[Opening PROVIDED DATA section]
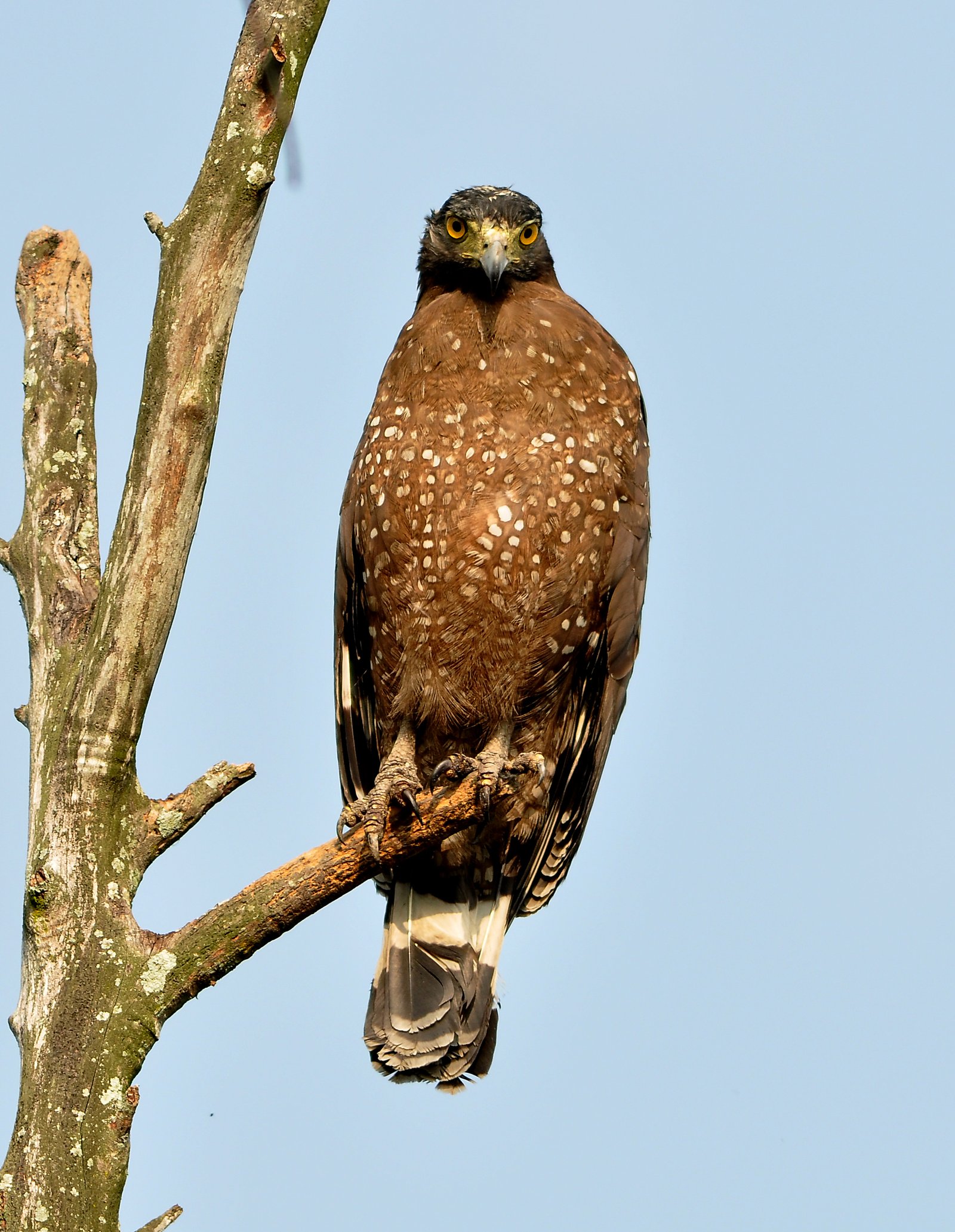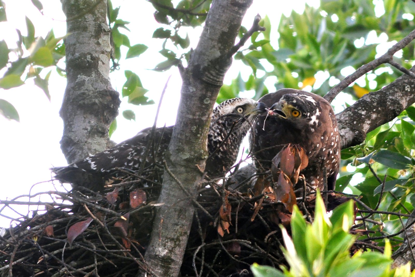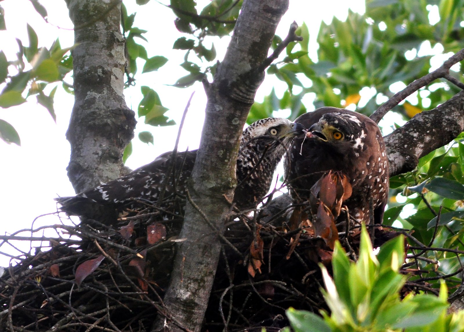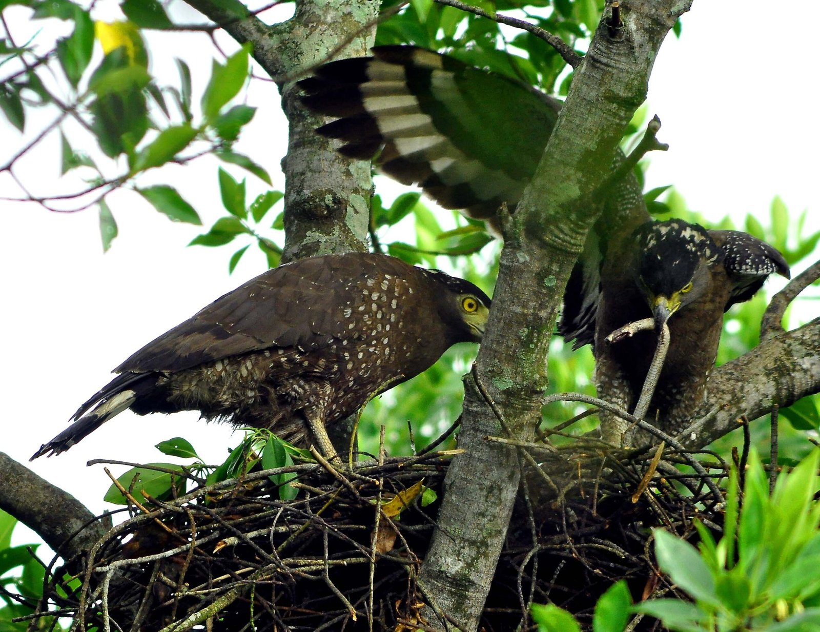 The Crested Serpent Eagle is a distinctive medium to large size Asian raptor known for its black-and-white crest, brown plumage with white barring, specializing in hunting snakes and reptiles, less commonly amphibians over forested and even sub-urban areas bodering mangroves, orchads and planatations. This majestic bird of prey uses broad wings to soar and has a loud, high-pitched call, often perching and hunting from above, though it will follow prey onto the ground.
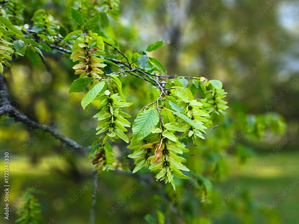 Close-up of common hornbeam (Carpinus betulus) branch with fresh green seed clusters and leaves, natural forest detail in soft sunlight.
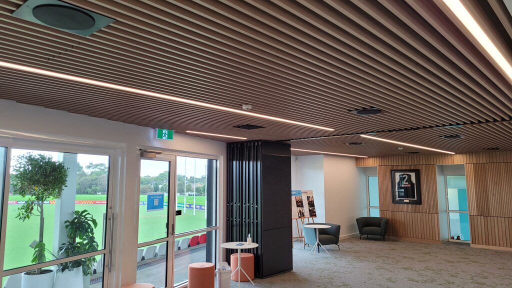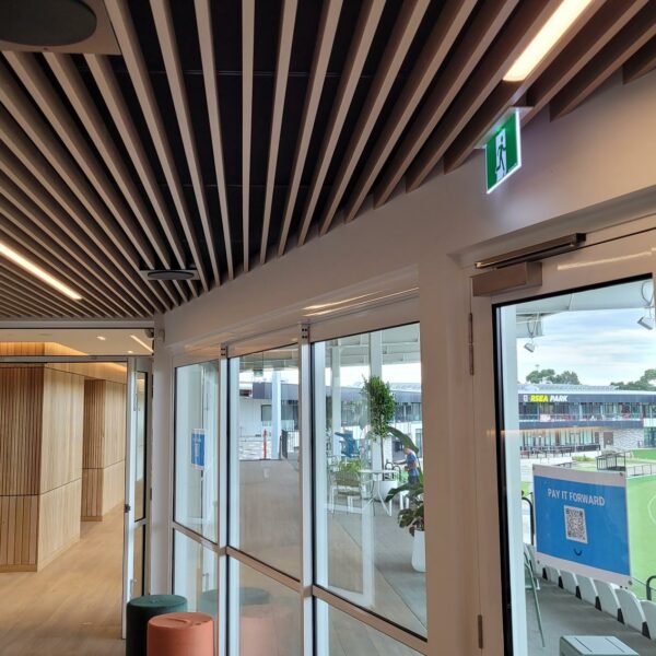 The other remaining options are a powder-coat wood look aluminium batten and cladding. It was only a few years ago that the phrase “powder-coated wood-look aluminium” would send shivers up an architect or designers’ spine, as the finish and performance was sub-standard and not overly realistic.
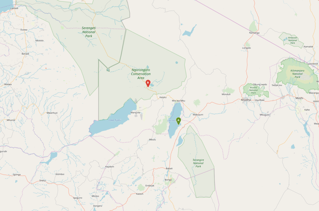 Riesige Vulkane haben den Ngorongoro-Krater gebildet, etwa halb so groß wie der Bodensee. Im Mittelpunkt des Hochlandes gelegen, ist der fast 600 m Tiefe Krater Heimat vieler Tiere. Wir sehen Löwen, unsere geliebten Warzenschweine, Zebras, Elefanten, Gnus…Der Kraterrand liegt auf etwa 2300 m Höhe, wo wir auf einer Spezial Campsite übernachten.
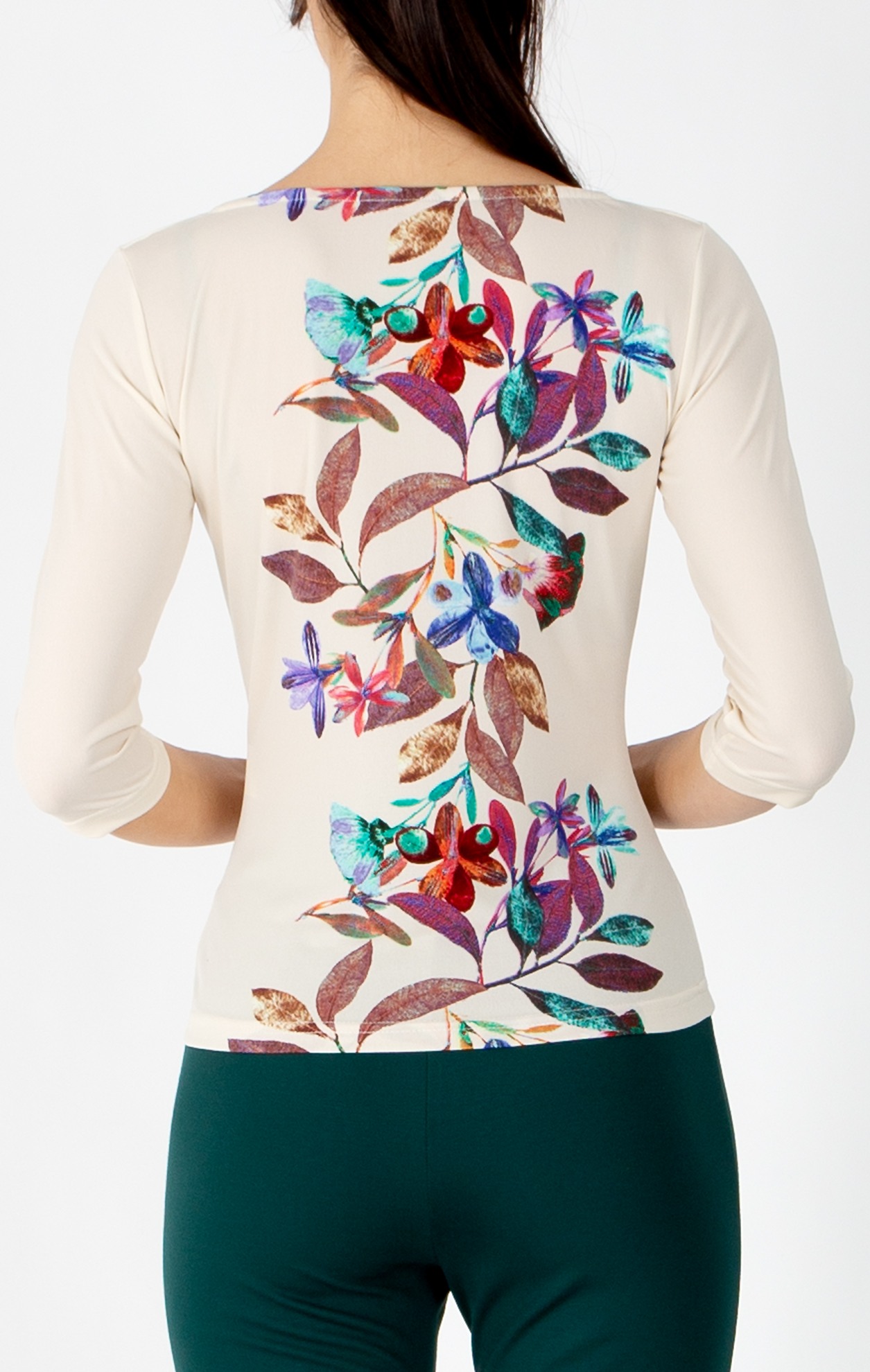 Стилна блуза с драпирано деколте в цвят Vanilla Ice с вертикален флорален бордюр, който визуално издължава силуета. Моделът е втален, с 3/4 ръкав и ефектно драпирано деколте, което красиво подчертава шията, изработен от еластично трико тип жарсе. Универсален модел, който лесно се комбинира със сака, жилетки или панталони - идеален избор за съвременна градска визия.
[Closing PROVIDED DATA section]
AIM OF THE EXERCISE: Leaving pictures aside, give again word for word each line from the one with "Riesige Vulkane haben" to the final line of the entries.

THE COMPLETED TASK:
 Riesige Vulkane haben den Ngorongoro-Krater gebildet, etwa halb so groß wie der Bodensee. Im Mittelpunkt des Hochlandes gelegen, ist der fast 600 m Tiefe Krater Heimat vieler Tiere. Wir sehen Löwen, unsere geliebten Warzenschweine, Zebras, Elefanten, Gnus…Der Kraterrand liegt auf etwa 2300 m Höhe, wo wir auf einer Spezial Campsite übernachten.
 Стилна блуза с драпирано деколте в цвят Vanilla Ice с вертикален флорален бордюр, който визуално издължава силуета. Моделът е втален, с 3/4 ръкав и ефектно драпирано деколте, което красиво подчертава шията, изработен от еластично трико тип жарсе. Универсален модел, който лесно се комбинира със сака, жилетки или панталони - идеален избор за съвременна градска визия.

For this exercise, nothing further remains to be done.